2.2.1 Change the number of hidden layers

       According to the network model parameters numbered #1, #2, and #3 in Table 2-2, the number of hidden layers is set to 1, 2, and 3 respectively, the number of magnesium layer neurons is 10, and the training algorithm is trainlm. The learning rate is 0.001, the activation function is logsig, the mean square error (mse) is used as the optimization index, and is verified in the verification set. The final performance results are as follows:

 Figure 2-4 #1 model parameter training results

 Figure 2-5 #2 model parameter training results

 

 Figure 2-6 #3 model parameter training results

2.2.2 Change the number of neurons in each layer

       As shown in Table 2-2, for number #1, change the number of neurons to 20 and keep other parameters unchanged. The training results can be obtained as shown in Figure 2-7.

 Figure 2-7 #4 model parameter training results

       Similarly, for number #2, only change the number of neurons in the first hidden layer to 20, and keep other parameters unchanged.

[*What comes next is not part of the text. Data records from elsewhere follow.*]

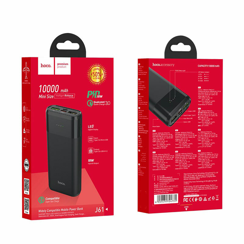 10 цен на Универсальный Доп. Аккумулятор 10000mAh, J61, PD 18W+QC3.0, Hoco, черный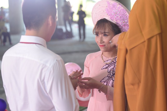 Trước khi đại đức chứng minh trao đôi nhẫn cưới cho đôi bạn trẻ để đôi bạn tự trao nhẫn cho nhau, đại đức đã làm lễ sái tịnh, chú nguyện vào đôi nhẫn cưới, đồng thời giảng cho đôi tân lang – tân nương hiểu về ý nghĩa của chiếc nhẫn cũng như ý nghĩa của chữ “Nhẫn” đối với hạnh phúc trong gia đình. “Nhẫn” ở đây là sự nhẫn nhịn, vợ chồng phải biết nhường nhịn nhau, nhẫn nhịn nhau và tôn trọng nhau. “Nhẫn” ở đây còn là sự tu dưỡng đạo đức và tu dưỡng thân tâm. Gia đình có êm ấm, có hòa thuận được hay không, phần lớn là do sự nhẫn nhịn quyết định.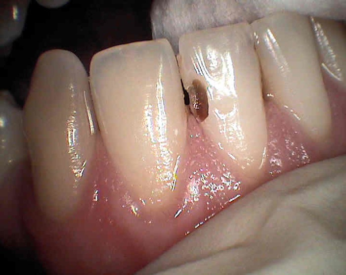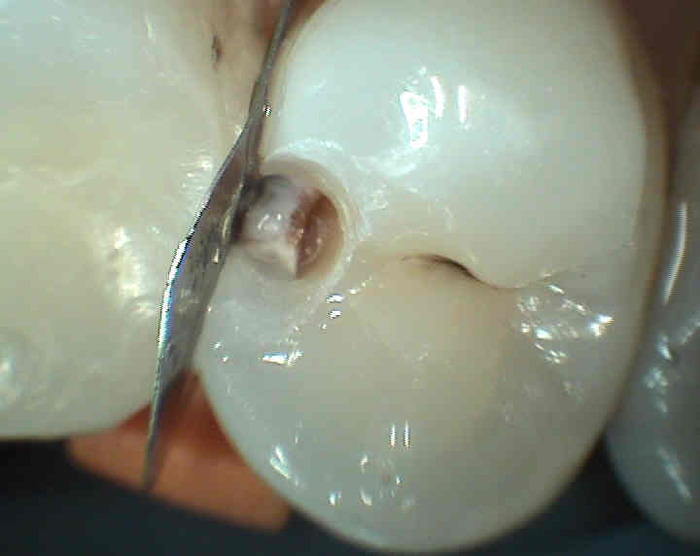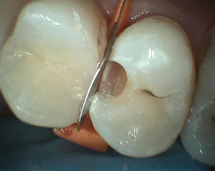 Příznaky zubního kazu : zdrsnění povrchu zubu, ulpívání zbytků potravy, bolestivost na podráždění (chlad, sladké, někdy při skusu), v mezizubním prostoru se může trhat zubní nit ( ostré okraje kazivé dutiny).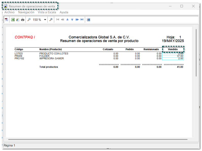 Resumen de operaciones de ventaModificación del título de "Facturado" a "Vendido":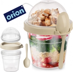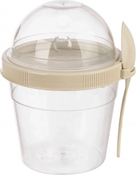 Praktyczny kubek na jogurt z oddzielną miseczką na musli oraz zintegrowaną łyżeczką jest idealny w podróży, do pracy i do szkoły. Oferuje pojemność 400 ml na jogurt oraz 150 ml na chrupiące dodatki, szczelną pokrywkę chroniącą przed wyciekaniem i wytrzymałe wykonanie bez BPA, odpowiednie do zmywarki, zamrażarki i kuchenki mikrofalowej (bez pokrywki).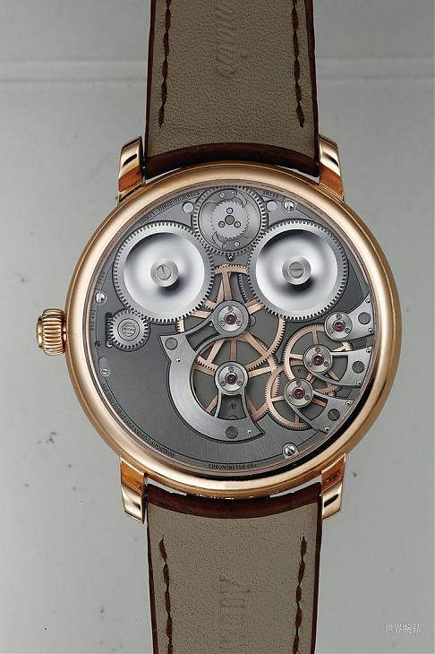 除此之外擒縱部本身的規格也相當豪華,輪系傳遞過來的動力在送進擒縱部之前會先經過恆定動力的裝置,利用擒縱叉式的結構將輪系動力定時、定量地輸往擒縱部,另外擺輪的游絲用的也是立體的柱狀游絲,除了擒縱器之外連調速機構都是天文台規格的。

The training results can be obtained as shown in Figure 2-8.

 Figure 2-8 #5 model parameter training results

2.2.3 Changing the learning rate

       As shown in numbers #6 and #7 in Table 2-2, the number of hidden layers is set to 5, the number of neurons is 20, 20, 10, 10, 5, and the learning rates are 0.01 and 0.1 respectively. Training The algorithm and activation function are trainlm and logsig respectively. The training results are shown in Figure 2-9 and Figure 2-10.

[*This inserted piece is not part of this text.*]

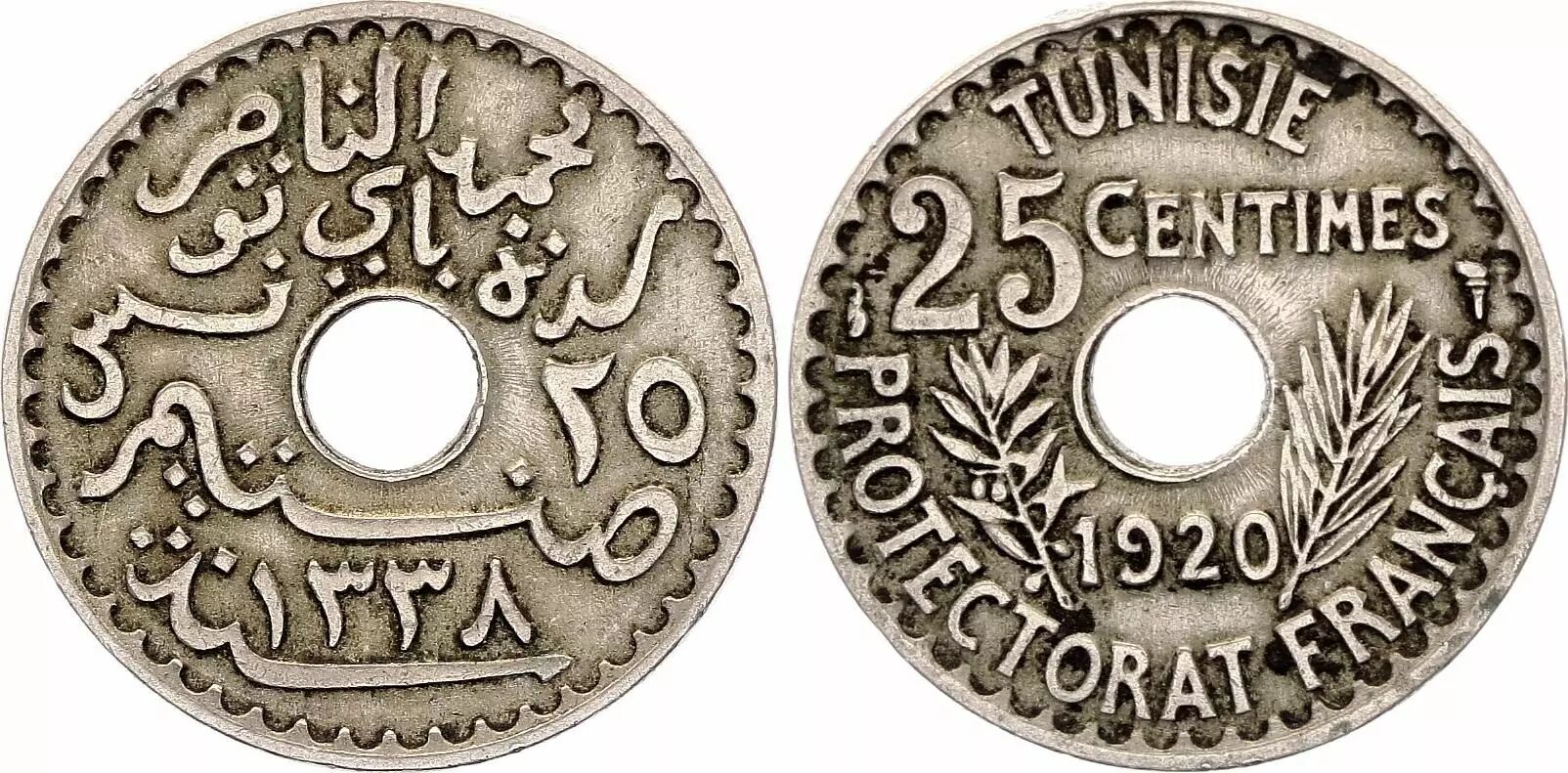 Accueil > Archivage > archivage-Monnaies du monde > Tunisie 25 Centimes Protectorat Français - 1338 (1920)

 Figure 2-9 #6 model parameter training results

 Figure 2-10 #7 model parameter training results

2.2.4 Change the training algorithm

       As shown in the model parameters numbered #6, #8, #10, and #11 in Table 2-2, the hidden layers are all set to 5 layers, and the number of neurons is 20, 20, 10, 10, and 5 in order. The rates are all 0.01, the training algorithms are trainlm, trainscg, trainrp and trainingd respectively, and the activation functions are all logsig. As shown in Table 2-1, the Levenberg-Marquardt algorithm (  the fastest training algorithm for medium-sized networks ) and the normalized conjugate gradient method (the only one that does not require The conjugate gradient method of linear search), the elastic BP  algorithm (which has the advantages of fast convergence and small memory usage) and the basic gradient descent method. The training results are shown in Figure 2-11 , Figure 2-13 , and Figure 2-14 .

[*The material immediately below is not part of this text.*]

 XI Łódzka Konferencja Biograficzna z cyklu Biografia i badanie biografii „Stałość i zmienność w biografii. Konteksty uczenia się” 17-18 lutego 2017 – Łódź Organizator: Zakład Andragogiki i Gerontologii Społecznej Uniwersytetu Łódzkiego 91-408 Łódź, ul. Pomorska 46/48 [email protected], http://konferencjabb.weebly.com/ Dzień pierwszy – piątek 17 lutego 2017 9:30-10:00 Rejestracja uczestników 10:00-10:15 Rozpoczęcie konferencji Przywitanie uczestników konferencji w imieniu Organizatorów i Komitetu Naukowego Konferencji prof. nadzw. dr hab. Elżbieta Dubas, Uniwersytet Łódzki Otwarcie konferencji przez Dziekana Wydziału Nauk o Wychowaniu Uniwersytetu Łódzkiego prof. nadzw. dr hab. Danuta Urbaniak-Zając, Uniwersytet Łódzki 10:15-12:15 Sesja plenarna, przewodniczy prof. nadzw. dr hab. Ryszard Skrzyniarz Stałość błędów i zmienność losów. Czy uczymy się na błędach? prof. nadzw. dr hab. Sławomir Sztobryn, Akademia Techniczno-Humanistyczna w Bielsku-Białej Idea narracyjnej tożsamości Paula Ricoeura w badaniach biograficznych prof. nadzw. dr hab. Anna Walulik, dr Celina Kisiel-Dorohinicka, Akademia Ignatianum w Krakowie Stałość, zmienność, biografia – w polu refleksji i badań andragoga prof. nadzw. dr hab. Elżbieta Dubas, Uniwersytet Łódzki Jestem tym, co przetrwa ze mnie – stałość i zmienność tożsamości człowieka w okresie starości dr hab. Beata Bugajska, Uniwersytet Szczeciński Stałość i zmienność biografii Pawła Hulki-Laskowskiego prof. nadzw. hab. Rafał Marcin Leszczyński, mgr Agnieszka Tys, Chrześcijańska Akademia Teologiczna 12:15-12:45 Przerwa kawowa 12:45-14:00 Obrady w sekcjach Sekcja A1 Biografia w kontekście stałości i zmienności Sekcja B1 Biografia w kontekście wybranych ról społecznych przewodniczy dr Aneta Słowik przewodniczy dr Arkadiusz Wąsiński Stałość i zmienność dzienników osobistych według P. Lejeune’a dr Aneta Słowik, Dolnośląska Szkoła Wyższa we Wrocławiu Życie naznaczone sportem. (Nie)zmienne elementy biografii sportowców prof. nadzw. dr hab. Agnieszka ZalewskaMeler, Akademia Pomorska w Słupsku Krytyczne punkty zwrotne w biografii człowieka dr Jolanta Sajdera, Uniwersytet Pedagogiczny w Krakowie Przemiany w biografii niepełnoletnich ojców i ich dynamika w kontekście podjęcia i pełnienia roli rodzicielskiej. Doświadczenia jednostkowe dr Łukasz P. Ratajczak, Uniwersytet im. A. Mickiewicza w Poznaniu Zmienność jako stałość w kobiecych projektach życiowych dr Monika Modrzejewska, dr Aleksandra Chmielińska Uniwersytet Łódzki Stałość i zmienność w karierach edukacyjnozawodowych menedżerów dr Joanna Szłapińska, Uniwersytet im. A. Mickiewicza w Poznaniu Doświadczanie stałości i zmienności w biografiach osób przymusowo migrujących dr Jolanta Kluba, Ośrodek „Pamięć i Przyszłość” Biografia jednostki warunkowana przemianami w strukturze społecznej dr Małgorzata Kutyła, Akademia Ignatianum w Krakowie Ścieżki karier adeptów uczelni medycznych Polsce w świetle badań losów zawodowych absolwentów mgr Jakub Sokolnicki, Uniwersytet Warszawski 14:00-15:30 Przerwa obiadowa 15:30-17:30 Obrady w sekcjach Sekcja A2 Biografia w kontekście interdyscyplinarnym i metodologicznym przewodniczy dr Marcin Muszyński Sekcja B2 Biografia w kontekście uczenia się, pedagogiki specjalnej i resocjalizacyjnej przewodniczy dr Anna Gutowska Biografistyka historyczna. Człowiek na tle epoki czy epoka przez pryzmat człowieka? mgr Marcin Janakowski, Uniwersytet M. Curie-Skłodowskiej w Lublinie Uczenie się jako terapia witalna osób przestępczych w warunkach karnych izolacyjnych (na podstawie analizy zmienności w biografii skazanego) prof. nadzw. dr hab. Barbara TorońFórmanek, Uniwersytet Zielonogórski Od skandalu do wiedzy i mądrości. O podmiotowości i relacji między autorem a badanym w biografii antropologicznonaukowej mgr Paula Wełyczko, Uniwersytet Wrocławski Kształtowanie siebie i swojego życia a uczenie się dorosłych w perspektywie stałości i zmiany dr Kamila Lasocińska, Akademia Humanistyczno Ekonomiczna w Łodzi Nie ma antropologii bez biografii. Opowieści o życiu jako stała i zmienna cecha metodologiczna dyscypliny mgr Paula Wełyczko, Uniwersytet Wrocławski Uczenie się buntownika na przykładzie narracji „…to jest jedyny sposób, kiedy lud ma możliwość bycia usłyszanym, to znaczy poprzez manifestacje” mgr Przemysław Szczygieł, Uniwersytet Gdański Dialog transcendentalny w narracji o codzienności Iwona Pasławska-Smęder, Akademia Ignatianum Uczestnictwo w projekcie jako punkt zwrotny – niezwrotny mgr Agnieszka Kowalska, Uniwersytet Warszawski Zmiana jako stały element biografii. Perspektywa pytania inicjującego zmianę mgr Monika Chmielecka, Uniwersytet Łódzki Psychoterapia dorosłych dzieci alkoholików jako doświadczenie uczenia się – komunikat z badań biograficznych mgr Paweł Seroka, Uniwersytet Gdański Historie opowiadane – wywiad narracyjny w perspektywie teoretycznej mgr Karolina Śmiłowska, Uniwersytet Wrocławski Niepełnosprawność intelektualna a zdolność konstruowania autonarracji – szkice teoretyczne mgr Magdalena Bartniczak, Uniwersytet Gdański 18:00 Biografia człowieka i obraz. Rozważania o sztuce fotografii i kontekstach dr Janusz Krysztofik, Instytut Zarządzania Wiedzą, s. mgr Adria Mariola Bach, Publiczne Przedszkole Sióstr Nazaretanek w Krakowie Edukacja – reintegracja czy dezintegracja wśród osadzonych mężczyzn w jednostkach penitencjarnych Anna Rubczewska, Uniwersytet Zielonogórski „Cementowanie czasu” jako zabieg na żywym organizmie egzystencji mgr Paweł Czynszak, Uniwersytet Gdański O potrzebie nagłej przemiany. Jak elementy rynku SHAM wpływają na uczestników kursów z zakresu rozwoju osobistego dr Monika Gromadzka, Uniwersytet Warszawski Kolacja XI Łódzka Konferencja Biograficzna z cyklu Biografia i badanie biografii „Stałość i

2.2.5 Changing the activation function

       As shown in the model parameters numbered #8 and #9 in Table 2-2, the hidden layer is set to 5 layers, the number of neurons is 20, 20, 10, 10, 5, and the learning rate is 0.01. Training The algorithm is trainlm, and the activation functions are logsig and tansig respectively. The training results are shown in Figure 2-12 .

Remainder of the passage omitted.